Dana Milbank had an interesting item yesterday about apologies, or the lack thereof, in today’s political discourse. It seemed to me, though, that there was a trend that Milbank may have missed.
Perhaps we could arrange for a group apology. It would certainly save time.
The capital has been racked by a bipartisan barrage of incautious remarks this year — a bull market in over-the-top rhetoric — as Democrats and Republicans take turns expressing outrage that the other side has crossed the line.
Thursday, it was the Democrats’ turn to be outraged, after they learned that President Bush’s chief political adviser, Karl Rove, said in a speech Wednesday night that “liberals saw the savagery of the 9/11 attacks and wanted to prepare indictments and offer therapy and understanding for our attackers.”
That blast — which the White House defended as accurate and fair — took the heat off Sen. Richard J. Durbin (D-Ill.), who apologized Tuesday on the Senate floor for saying, a week earlier, that what Americans had done to detainees was similar to what was “done by Nazis.”
The Durbin mea culpa, in turn, moved the spotlight away from Rep. John N. Hostettler (R-Ind.), who accused Democrats of “denigrating and demonizing Christians.”
Milbank emphasized that the rhetoric dominating political discourse seems to be growing coarser. I think that’s probably true, but in noting that we could use a “group apology,” Milbank failed to notice that only one side of these fights seems willing to join the group.
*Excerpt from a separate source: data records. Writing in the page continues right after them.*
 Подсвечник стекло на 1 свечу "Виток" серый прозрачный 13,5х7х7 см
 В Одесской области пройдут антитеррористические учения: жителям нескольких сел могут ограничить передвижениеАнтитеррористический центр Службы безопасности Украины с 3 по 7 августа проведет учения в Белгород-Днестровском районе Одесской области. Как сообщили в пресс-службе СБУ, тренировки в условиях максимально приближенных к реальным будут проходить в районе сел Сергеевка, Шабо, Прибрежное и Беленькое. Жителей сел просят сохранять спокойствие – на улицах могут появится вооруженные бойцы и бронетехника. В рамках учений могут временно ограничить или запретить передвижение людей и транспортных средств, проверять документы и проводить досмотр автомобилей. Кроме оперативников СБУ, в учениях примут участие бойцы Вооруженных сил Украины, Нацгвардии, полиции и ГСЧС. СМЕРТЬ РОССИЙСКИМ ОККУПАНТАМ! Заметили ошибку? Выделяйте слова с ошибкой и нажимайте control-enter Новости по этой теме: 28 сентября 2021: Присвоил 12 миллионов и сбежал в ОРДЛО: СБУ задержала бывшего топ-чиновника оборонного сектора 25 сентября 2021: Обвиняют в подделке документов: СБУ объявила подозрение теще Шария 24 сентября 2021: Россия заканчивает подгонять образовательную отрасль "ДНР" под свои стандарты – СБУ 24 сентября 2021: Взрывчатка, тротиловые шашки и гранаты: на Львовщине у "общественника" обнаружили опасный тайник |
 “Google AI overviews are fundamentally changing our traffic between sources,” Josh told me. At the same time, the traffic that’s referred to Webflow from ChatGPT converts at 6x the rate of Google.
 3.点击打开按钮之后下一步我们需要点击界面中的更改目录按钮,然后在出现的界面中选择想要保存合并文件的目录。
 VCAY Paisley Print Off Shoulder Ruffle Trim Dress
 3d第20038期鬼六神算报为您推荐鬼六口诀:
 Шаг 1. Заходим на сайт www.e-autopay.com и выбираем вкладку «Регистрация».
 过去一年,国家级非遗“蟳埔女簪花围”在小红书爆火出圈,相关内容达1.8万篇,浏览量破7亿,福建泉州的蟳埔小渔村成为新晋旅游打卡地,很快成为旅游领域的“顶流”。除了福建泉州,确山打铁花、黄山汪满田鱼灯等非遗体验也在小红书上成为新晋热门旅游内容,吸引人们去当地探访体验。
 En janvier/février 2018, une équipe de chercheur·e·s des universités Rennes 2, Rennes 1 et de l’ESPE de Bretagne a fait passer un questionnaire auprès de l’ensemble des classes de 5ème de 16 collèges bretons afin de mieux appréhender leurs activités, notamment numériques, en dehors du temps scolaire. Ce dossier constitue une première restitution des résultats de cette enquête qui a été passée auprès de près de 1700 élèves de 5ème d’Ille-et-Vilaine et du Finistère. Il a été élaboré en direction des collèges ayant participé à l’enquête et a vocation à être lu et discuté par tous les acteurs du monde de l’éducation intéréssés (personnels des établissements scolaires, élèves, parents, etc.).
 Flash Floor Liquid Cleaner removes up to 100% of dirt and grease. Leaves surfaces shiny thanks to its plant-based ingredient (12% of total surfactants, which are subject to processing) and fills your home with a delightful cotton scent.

Consider the four examples Milbank mentioned: Durbin compared our detainee policies to that of totalitarian regimes and Harry Reid called Bush a loser. Rove effectively accused Dems of treason, while Hostettler insisted Dems hate Christianity. Durbin and Reid were talking off the cuff, Rove and Hostettler were reading from prepared texts. Durbin and Reid apologized. Rove and Hostettler did not.
I think there may be a trend here. When Sen. John Cornyn (R-Tex.) made excuses for violence against judges, Dems demanded an apology. He declined and lashed out at his critics. When Bill Frist said Dems want to “assassinate [Bush judicial] nominees,” Dems demanded an apology. Frist declined, too.
Likewise, Rick Santorum didn’t apologize for comparing Dems to Nazis; Rep. Jim Gibbons (R-Nev.) didn’t apologize for saying he believes American liberals should be on the front lines in Iraq; Indiana Gov. Mitch Daniels (R) refused to apologize for comparing Dems in the legislature to terrorists, Dick Cheney didn’t apologize for telling Pat Leahy to “go f— himself,” then-Education Secretary Rod Paige didn’t apologize for calling the National Education Association a ” terrorist organization”; and none of the Republican senators who called John Kerry a “communist” apologized.
Milbank may be right, and political apologies may be a lost art, but it seems Dems are willing to offer them, but Republicans, no matter how over the top their rhetoric gets, aren’t willing to do the same. Indeed, the GOP strategy is clear: when a Dem says something intemperate, demand an apology and create a media firestorm. When a Republican says something excessive, ignore calls for apologies and wait for Dems to stop asking for one.
What’s the lesson here? Being a Republican means never having to say you’re sorry.